Directions |
Starting at the line that contains "Čepice s metalickou nití béžová Moodo", return every line through the end of the data exactly, without pictures.

*** Data block ***

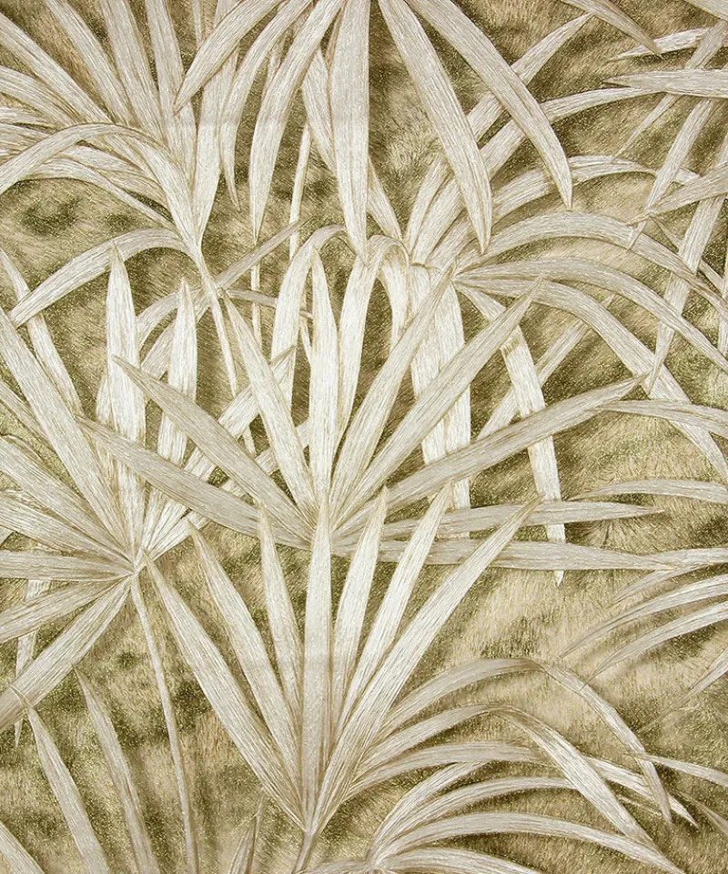 Shimmering with gold glitter details, this glamorous palm tree wallpaper has a tropical feel. Its textured design and jaguar fur inspired background add to its deluxe feel. Veneto is an unpasted, heavyweight vinyl wallpaper.
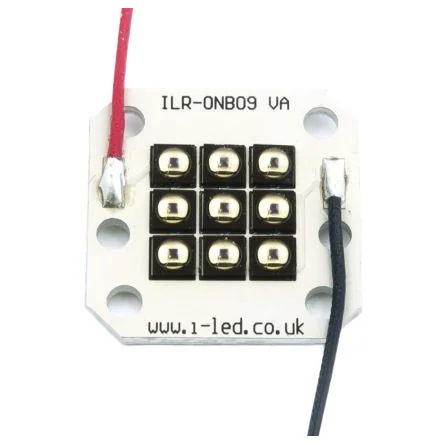 Depending on the mode of operation, these devices emit highly concentrated non-visible infrared light which can be hazardous to the human eye. PowerCluster IR LED arrays will overheat in operation if not attached to a suitable heat sink, over heating can cause failure or irreparable damage. Do not operate PowerCluster LED arrays with a power supply with unlimited current. Connection to constant voltage power supplies that are not current limited may cause the PowerCluster LED array to consume current above the specified maximum and cause failure or irreparable damage. PowerCluster IR LED Arrays - IR OSLON Black 9. The Oslon 9 PowerCluster IR series of infrared LED arrays, from Intelligent LED solutions, feature 9 Osram Oslon Black IR LEDs. Powerful and compact PowerCluster IR LED arrays are built on aluminium substrates for optimal thermal management and come pre-wired with 200mm wires as standard. Oslon 9 PowerCluster IR LED arrays are ideal for a wide range of applications including: surveillance systems, IR illumination for cameras, machine vision, night vision light and driver assistance systems. Oslon 9 PowerCluster IR LED arrays contain 9 Osram IR Oslon Black series LEDs Current range: 100 to 1,000mA Lifetime: Up to 100,000 hours to 70% of original brightness Mounting holes for M3 screws allow easy installation PowerCluster size (L x W x H): 25mm x 25mm x 3.85mm Pre-wired with 200mm connecting wires PowerClusters can be linked together to produce longer chains See datasheet for suitable heat sinks, constant current LED drivers and thermal interface material
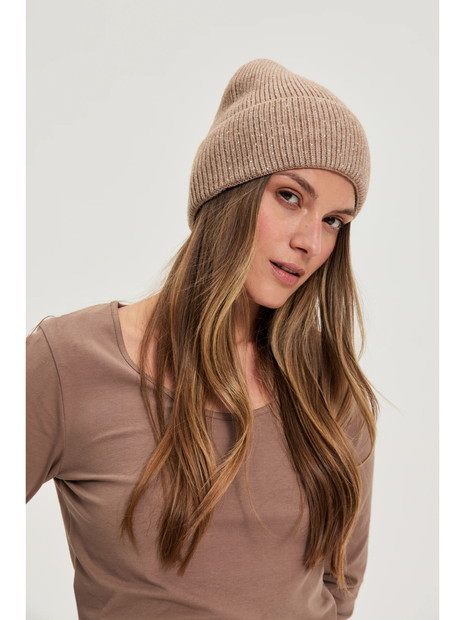 Čepice s metalickou nití béžová Moodo
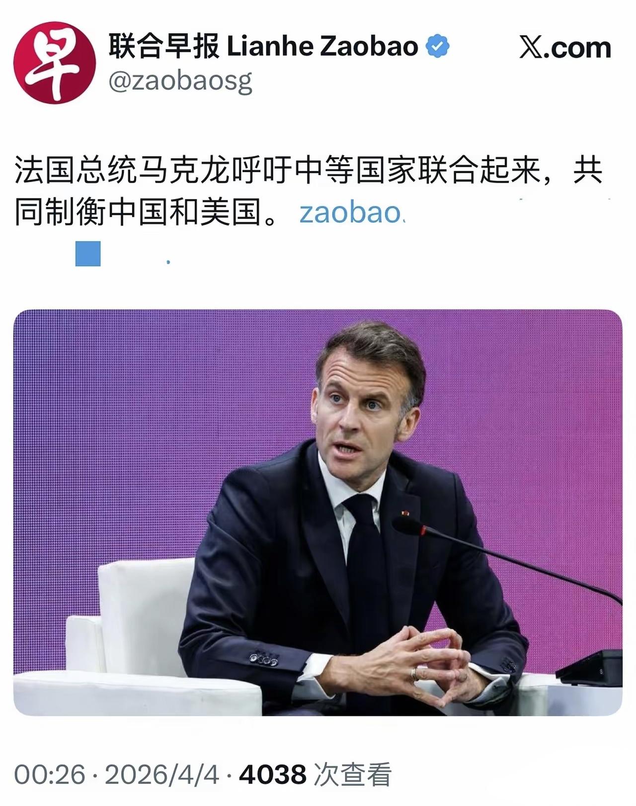 法国总统马克龙4月3日在韩国公开倡议,韩国、法国以及其他欧洲国家、加拿大、日本、印度、巴西、澳大利亚等应该组建一个相互尊重且独立于美国的联盟。 加拿大总理卡尼也曾在2026年的慕安会上提出应该组建一个中等强国联盟,似有异曲同工之妙。 不过,两者最大的区别在于,卡尼只是提议组建联盟,但马克龙却称组建联盟是为了共同制衡美国和中国。 马克龙,任上已经访问了4次中国,最近一次是2025年12月。

***

Reply |
 Čepice s metalickou nití béžová Moodo
 法国总统马克龙4月3日在韩国公开倡议,韩国、法国以及其他欧洲国家、加拿大、日本、印度、巴西、澳大利亚等应该组建一个相互尊重且独立于美国的联盟。 加拿大总理卡尼也曾在2026年的慕安会上提出应该组建一个中等强国联盟,似有异曲同工之妙。 不过,两者最大的区别在于,卡尼只是提议组建联盟,但马克龙却称组建联盟是为了共同制衡美国和中国。 马克龙,任上已经访问了4次中国,最近一次是2025年12月。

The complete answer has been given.